__The task__. In the entries below, which lines run from the one with "Boki obrazu są" through the one with "Faux-Suede Buckled Strap"? Repeat exactly those, both included, and no pictures.

__Material for this exercise__.
Start of Block

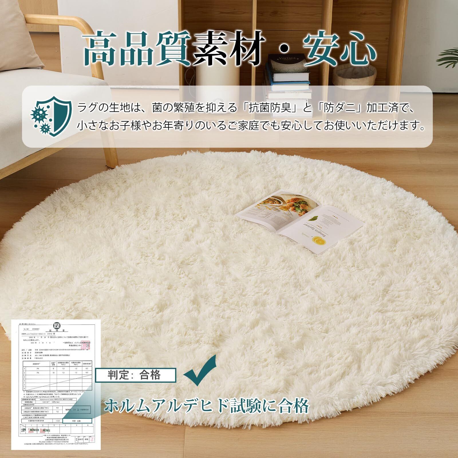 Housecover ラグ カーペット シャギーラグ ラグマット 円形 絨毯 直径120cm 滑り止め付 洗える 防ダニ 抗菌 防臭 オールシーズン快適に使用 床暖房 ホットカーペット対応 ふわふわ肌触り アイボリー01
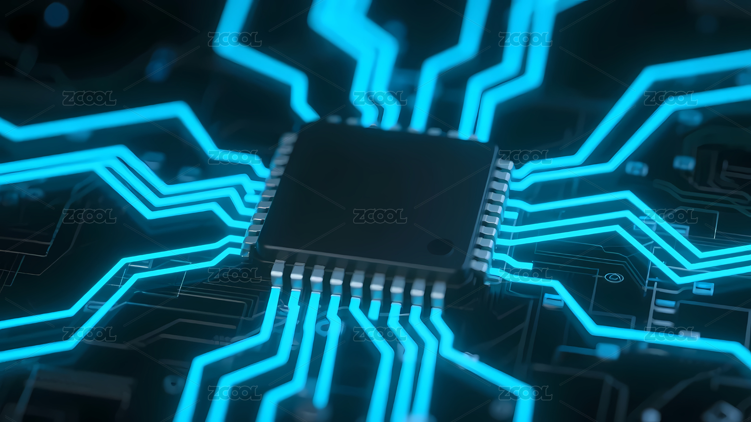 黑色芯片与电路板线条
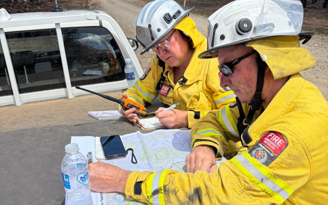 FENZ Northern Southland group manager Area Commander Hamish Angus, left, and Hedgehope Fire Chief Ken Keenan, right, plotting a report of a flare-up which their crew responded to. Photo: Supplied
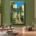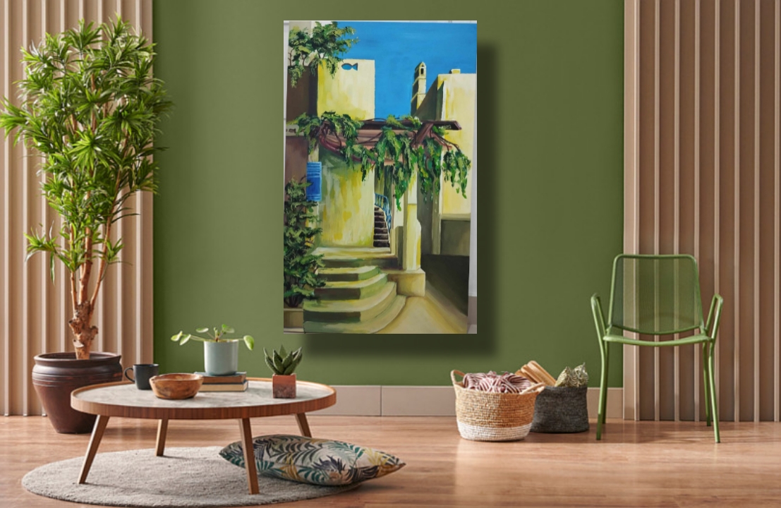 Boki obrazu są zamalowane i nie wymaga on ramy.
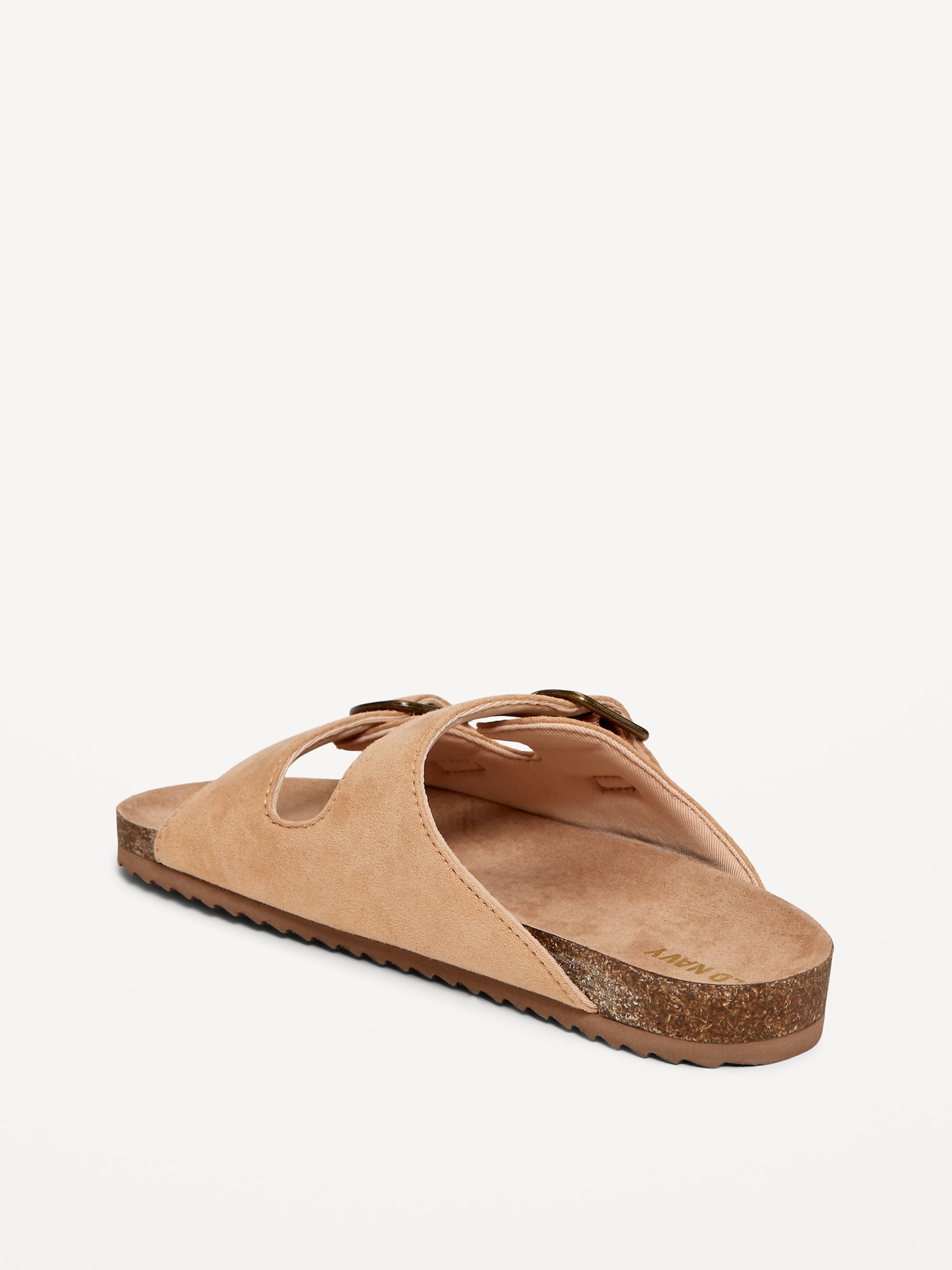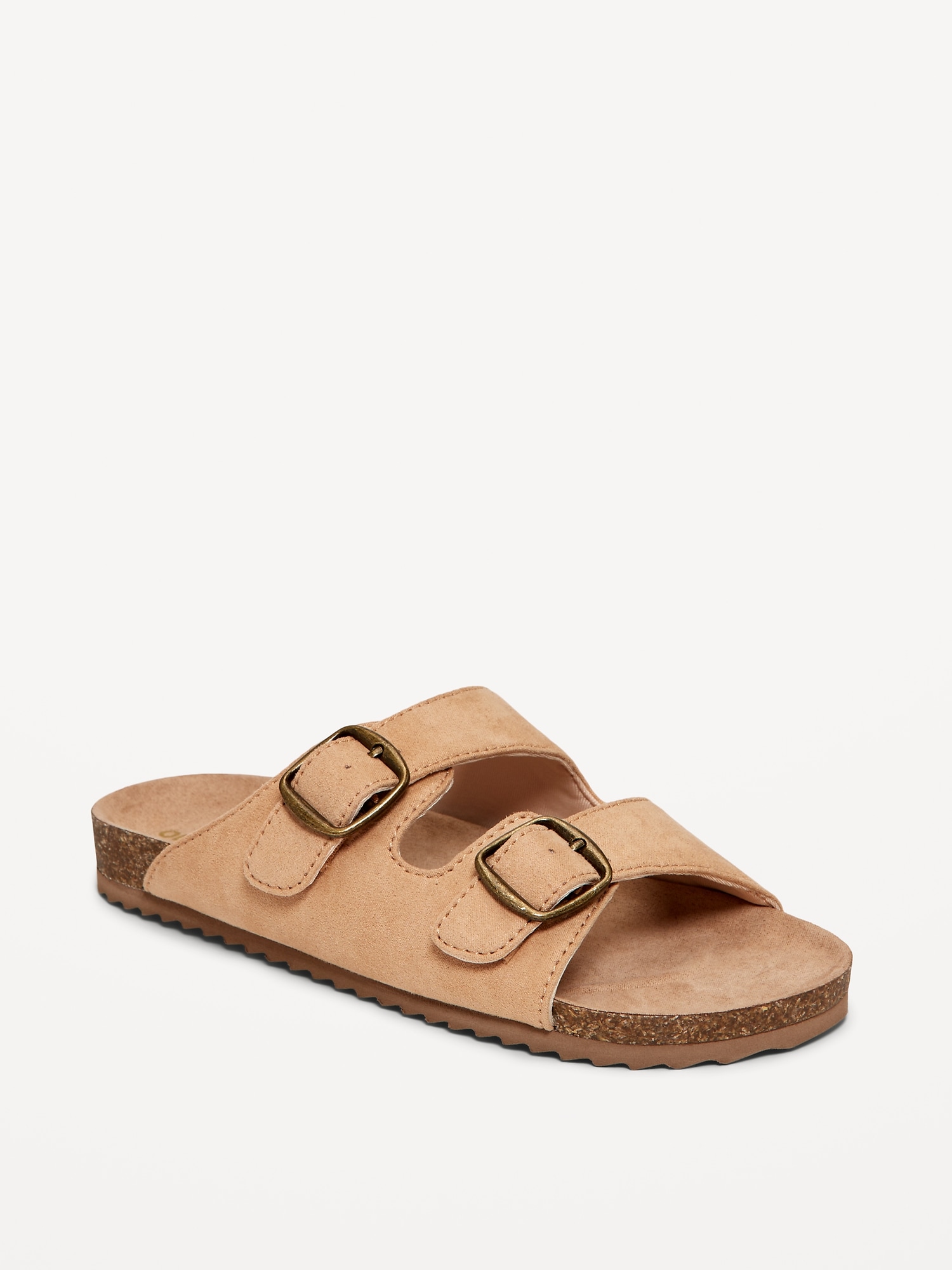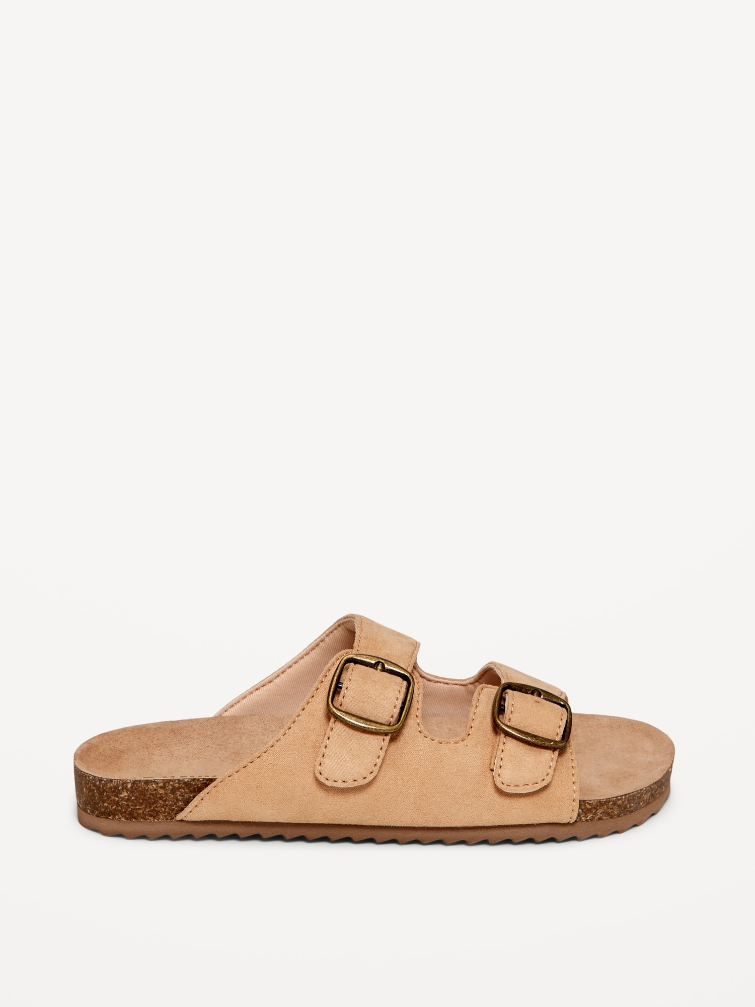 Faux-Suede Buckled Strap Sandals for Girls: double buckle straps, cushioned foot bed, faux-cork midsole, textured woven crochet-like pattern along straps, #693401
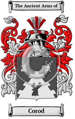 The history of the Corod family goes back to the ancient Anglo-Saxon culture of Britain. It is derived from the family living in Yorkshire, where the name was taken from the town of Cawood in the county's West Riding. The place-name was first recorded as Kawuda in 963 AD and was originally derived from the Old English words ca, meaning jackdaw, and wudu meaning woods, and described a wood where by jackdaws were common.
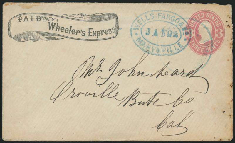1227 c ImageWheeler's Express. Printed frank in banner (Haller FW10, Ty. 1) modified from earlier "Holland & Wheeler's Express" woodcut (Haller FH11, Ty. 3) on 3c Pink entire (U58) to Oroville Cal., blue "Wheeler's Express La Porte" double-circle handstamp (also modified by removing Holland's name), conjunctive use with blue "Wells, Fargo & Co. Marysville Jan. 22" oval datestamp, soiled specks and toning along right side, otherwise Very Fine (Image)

End of Block

__Solution for this exercise__.
 Boki obrazu są zamalowane i nie wymaga on ramy.
 Faux-Suede Buckled Strap Sandals for Girls: double buckle straps, cushioned foot bed, faux-cork midsole, textured woven crochet-like pattern along straps, #693401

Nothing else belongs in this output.